Many agronomic terms appear in natural language in multiple forms, e.g.:
* "The awns are rough", "It has rough awns", or "It is rough-awned". In all these cases, the plant part (PLAN), awn, is modified by an adjective, rough. The combination, "rough" + "awn" is a trait (TRAT).
* "early maturing", "matures early". In these cases, a trait (TRAT), 'maturing' is modified by an adjective, early. This combination "early" + "maturing" is a compound trait (TRAT).

In this notebook, we will run a small section of text against a trained NLP model, read the predictions, identify compoud traits based on the above rules, and output modified named entities in JSON format that include the compound traits.

In [None]:
import spacy


# Do a quick training test

In [None]:
output_dir="agdata"
from src.trainNER import *

# Depending on the nature of out training dataset, we might get warnings that the 
# data is not well formatted. Ignore those errors for now. 
import warnings
warnings.filterwarnings('ignore')

# If you are running the notebook for the first time, and you do not have 
# an already custom trained NER recognition model, you will need to uncomment 
# the lines below and first train the model

#n_iter = 10
#trainModel(None,output_dir,n_iter)

# NLP parse some sample text

In [None]:
import PyPDF2
from spacy import displacy


nlp = spacy.load(output_dir)

test_text = '''Kold is a six-rowed winter feed barley obtained from the cross Triumph/Victor. It was released by the Oregon AES in 1993. It has rough awns and the aleurone is white. It has low lodging, matures early and its yield is low. Crop Science 25:1123 (1985).'''

doc = nlp(test_text)

colors = {'ALAS':'BlueViolet','CROP': 'Aqua','CVAR':'Chartreuse','PATH':'red','PED':'orange','PLAN':'pink','PPTD':'brown','TRAT':'yellow'}
cust_options = {'ents': ['ALAS','CROP','CVAR','PATH','PED','PLAN','PPTD','TRAT'], 'colors':colors}

displacy.render(doc, style='ent', jupyter=True, options=cust_options)


# Identify compound traits ADJ + PLAN = TRAT
## first flag entities and POS

In [None]:
print("Entities:")
for ent in doc.ents:
    print(ent.text, ent.start_char, ent.end_char, ent.label_)
    
# Comment out the following due to lack of statistical training for NERModel
# print("\nNoun Chunks:")
# for chunk in doc.noun_chunks:
#     print(chunk.text, chunk.root.text, chunk.root.dep_,
#             chunk.root.head.text)
    
print("\nParts of Speech:")
for token in doc:
    print(token.text, token.lemma_, token.pos_, token.tag_, token.dep_)
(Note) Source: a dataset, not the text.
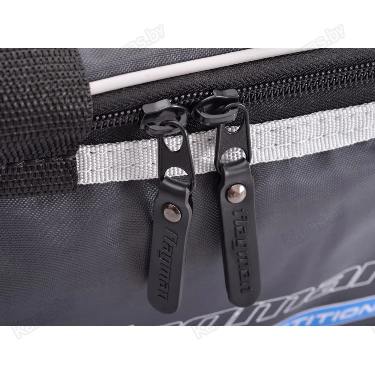 Термосумка выполнена из абсолютно непромокаемой ткани с ПВХ-покрытием, закрывается на молнию. Стенки имеют вставки из мягкого пористого материала, а внутренняя поверхность отделана отражающим материалам. Благодаря этому сумка отличается великолепными термоизоляционными свойствами. Предназначена для транспортировки и хранения во время рыбалки скоропортящихся приманок и прикормок, может использоваться для продуктов питания. Для поддержания в сумке низкой температуры есть смысл приобрести хладагент.

## Next, identify clauses fitting ADJ + PLAN = TRAT

In [None]:
from spacy.tokens import Span

def compound_trait_entities(doc):
    new_ents = []
    for ent in doc.ents:
        # Only check for PLAN entities with a preceding one-token adjective
        # (e.g., 'rough awns')
        if ent.label_ == "PLAN" and ent.start != 0:
            prev_token = doc[ent.start - 1]
            print('DEBUG: ', ent.text, ent.start, ent.label_, prev_token.text, prev_token.pos_, prev_token.dep_)
            if prev_token.pos_ == 'ADJ' and prev_token.dep_ == 'amod':
                new_ent = Span(doc, ent.start - 1, ent.end, label='TRAT')
                new_ents.append(new_ent)
            else:
                new_ents.append(ent)
        else:
            new_ents.append(ent)
    doc.ents = new_ents
    return doc

new_doc = compound_trait_entities(doc)
print(new_doc)
print("Entities:")
for ent in new_doc.ents:
    print(ent.text, ent.start_char, ent.end_char, ent.label_)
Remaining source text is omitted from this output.